MSHA Issues Updates to Workplace Examination Standard

Latest posts by Atlantic Research Team (see all)

The Mine Safety and Health Administration (MSHA) has issued enforcement guidance updates to its final rule on examinations of working places in metal and nonmetal mines. Finalized earlier this year, the rule officially went into effect on June 2 but enforcement was delayed until Oct. 1.

MSHA’s new requirements as of June 2 are:

A competent person must complete a workplace examination at least once each shift for each working place where miners are scheduled to work.

The examination record must be completed prior to the end of the shift, including the name of the person conducting the examination, the date of the examination, location of all areas examined, a description of each condition found which could adversely affect the safety or health of miners that is not promptly corrected, and the date of corrective actions taken.

The mine operator must keep a copy of the examination record for one year and make the record available to MSHA and the miners’ representative, with a copy provided upon request.

After the final rule was issued this spring, MSHA held stakeholder meetings in six cities across the country to provide outreach and compliance assistance materials to members of the industry.

New Guidance Offered

Margaret S. Lopez, an attorney with the law firm of Ogletree Deakins, notes that since the rulemaking began, MSHA has been providing mine operators with information on how the rule may be applied in mine inspections. The agency has been refining and adding to that guidance over time and recently issued critical new updates to its frequently asked questions (FAQ) on the rule.

For example, she points out that the latest guidance includes an important clarification on whether conducting a workplace examination will render someone an agent of the company and therefore subject to potential individual civil penalties.

“This is significant because there have been instances in which inspectors suggested to hourly miners that they are agents of the operator if they do a workplace examination,” Lopez says. “This has been causing a lot of confusion and needless concern.”

The agency has stated clearly in the rulemaking record that doing a workplace examination does not impose agent status on an hourly miner.

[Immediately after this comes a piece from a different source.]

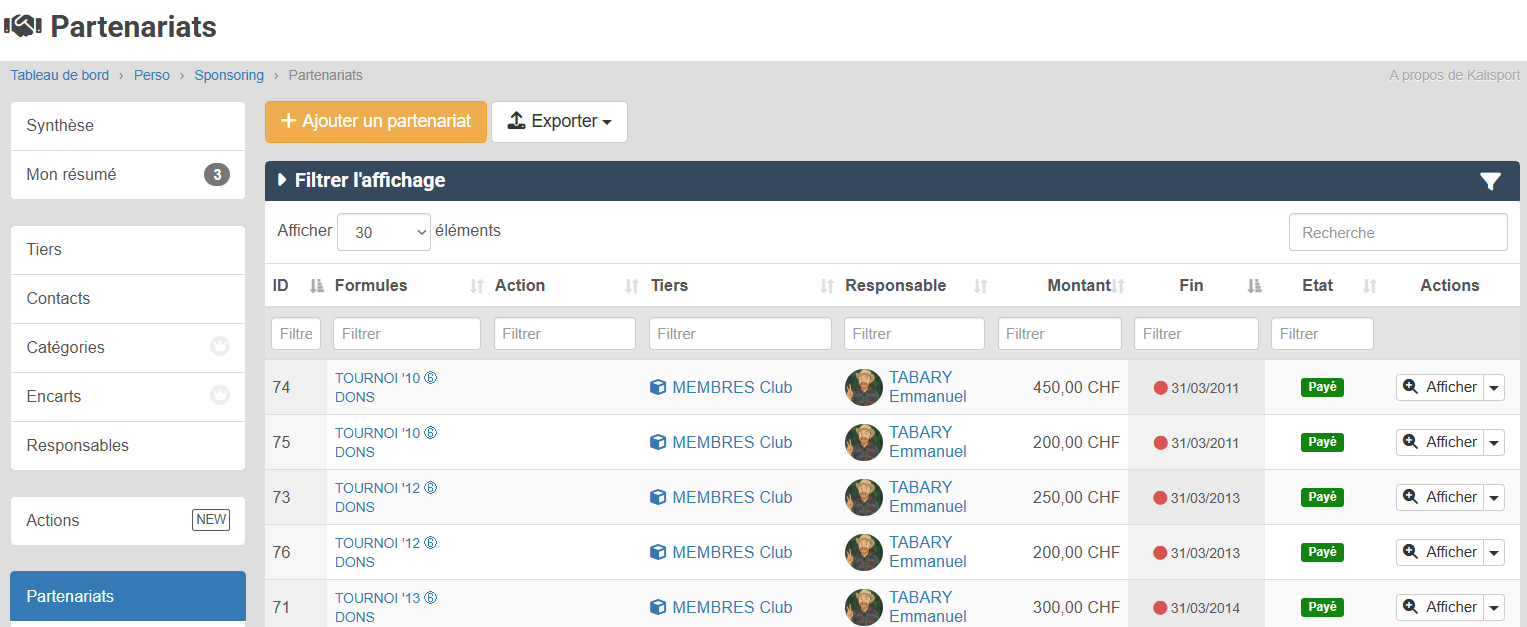 *** Pour assurer la transition pour les clubs utilisant déjà le module, l'application (ou pas) de ces nouvelles possibilités pourraient être gérer à travers des options de configuration du Menu Paramètres avancés du module Sponsoring.

An earlier version of the FAQ was less clear on this point.

MSHA has now issued a more definitively worded answer to one of its FAQs, stating that “conducting a workplace examination in and of itself does not make a miner an agent of the operator.” Lopez notes that this should take care of this issue, and operators that hear inspectors saying otherwise might want to direct them to this document.

The FAQ updates are less clear in how the new rule addresses workplace examinations in relation to contractors working on mine property, she observes.

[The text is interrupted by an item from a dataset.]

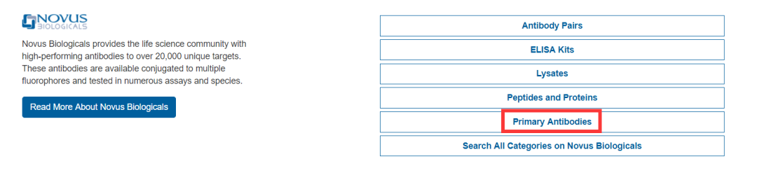 這里以 Novus Biologicals? 品牌產品為例,點擊「Primary Antibodies」

“Regarding the question of whether a contractor and production operator must both examine the same working place if they each have employees in the same area (also known as “overlapping examinations”), the agency seems to be leaving open the possibility that a contractor’s workplace examination for an area will suffice for the production operator’s work in the area, and vice versa—but this is not entirely clear.”

The FAQ only goes so far as to state that “production operators and contractors may arrange any number of ways to ensure that required workplace exams are completed.”

Although it is not entirely clear, Lopez says MSHA’s new guidance does seem to place the burden on the production operator to ensure that its contractor’s workplace examination records are available to MSHA inspectors or miners’ representatives after the contractor is no longer working at the mine.

The FAQ states that contractor examination records must be available at the mine and that this can be accomplished by the contractor providing the production operator with a copy of the records. One concern of mine operators is that the new rule appears to leave open the opportunity for MSHA to use examination records as “evidence” of a violation, or to support higher negligence findings.